• **Data to examine**:

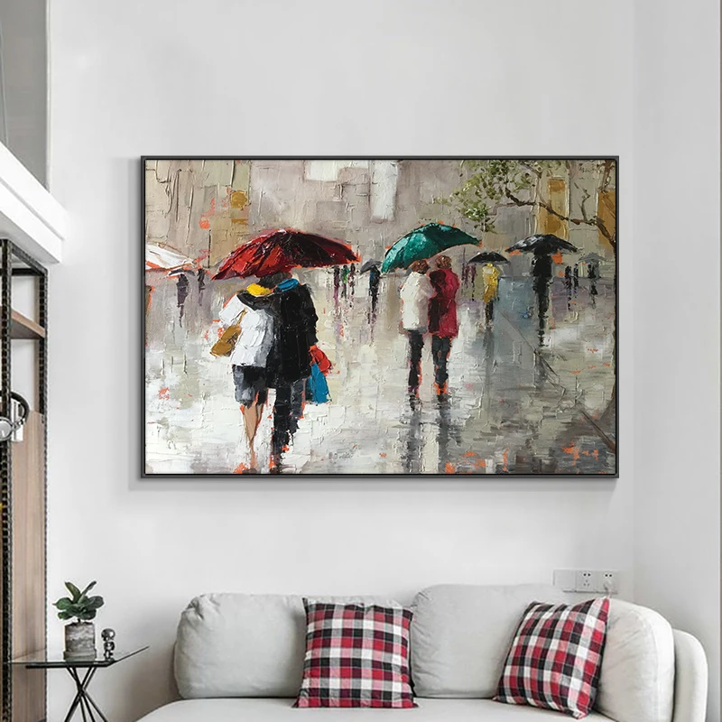 Дождливая уличная прогулочная прохожий картина маслом настенная живопись холст постеры и печать Nordoc картина для гостиной домашний декор
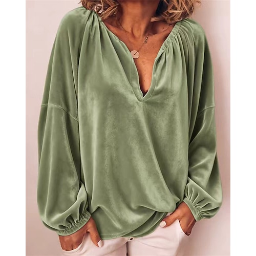 Per donna Velluto Blusa Semplice Attivo Elegante Manica Lunga Scollo a V Top Regolari Quotidiano Ferie Uscire Arricciato Bottoni Nero Vino Blu marino Verde smeraldo Oro Primavera Autunno
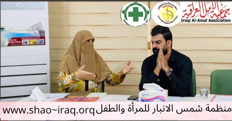 نفذت ” منظمة شمس الانبار للمرأة والطفل ” جلسة حوارية بعنوان ( حقوق الأطفال من ذوي الاعاقة في يوم الاثنين الموافق 2024/9/30في قاعة منظمة شمس الانبار للمرأة والطفل بحضور مديرة معهد الصم والبكم في محافظة الانبار ومشاركة ناشطين وناشطات و شخصيات حكومية من محافظة الانبار
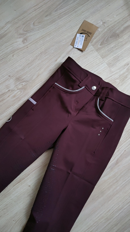 Bryczesy Riders choice. Piękny bordowy kolor z srebrnymi wstawkami. Wyglądają mega elegancko. to jedne z lepszych bryczesów pod względem wygody i elastyczności. Z kieszonką na udzie ! Nowe z metką Stan standardowy (20 cm ). Rozmiar 32 xxs , długie 92 cm , pas 33 cm x2 biodra 37 cm x2
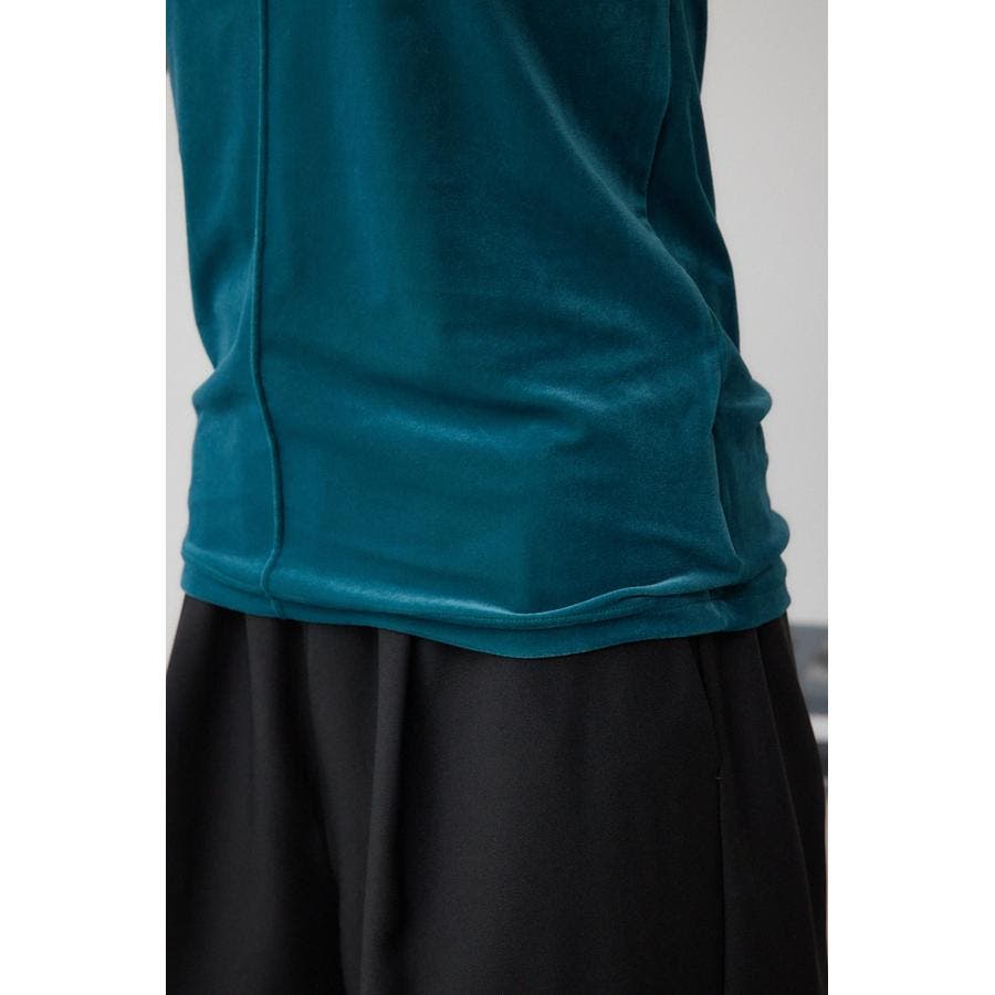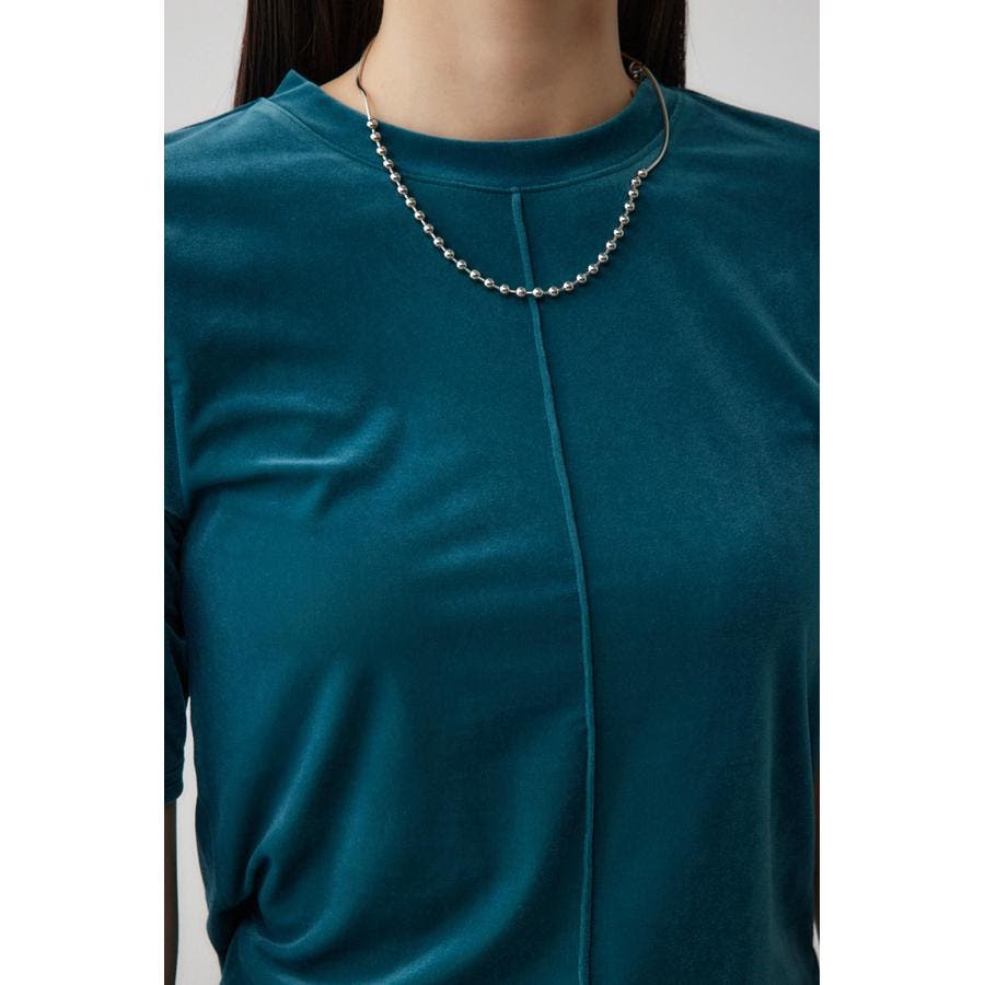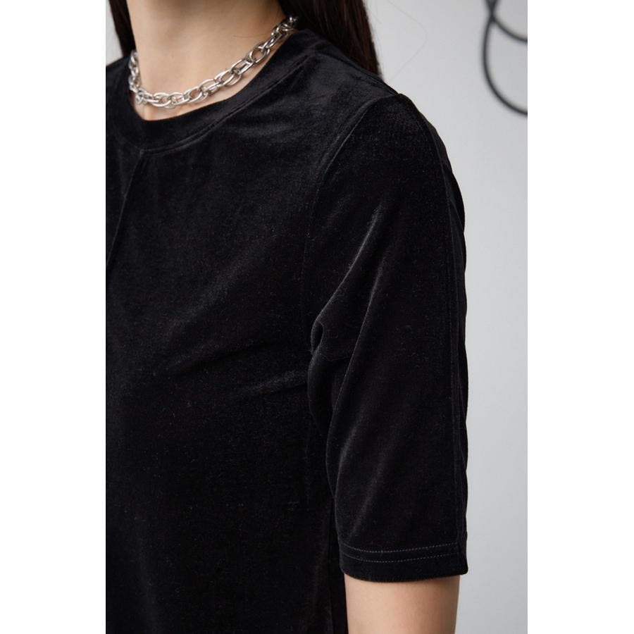 肘上まである5分袖で、体のラインを拾いすぎずにきれいなシルエットを出せるようにこだわりました。

• **Task item**: The span to retype runs from the line containing "Bryczesy Riders choice." through the last line of the listing above, both ends included; copy it exactly, without pictures.

• **Solved problem**:
 Bryczesy Riders choice. Piękny bordowy kolor z srebrnymi wstawkami. Wyglądają mega elegancko. to jedne z lepszych bryczesów pod względem wygody i elastyczności. Z kieszonką na udzie ! Nowe z metką Stan standardowy (20 cm ). Rozmiar 32 xxs , długie 92 cm , pas 33 cm x2 biodra 37 cm x2
 肘上まである5分袖で、体のラインを拾いすぎずにきれいなシルエットを出せるようにこだわりました。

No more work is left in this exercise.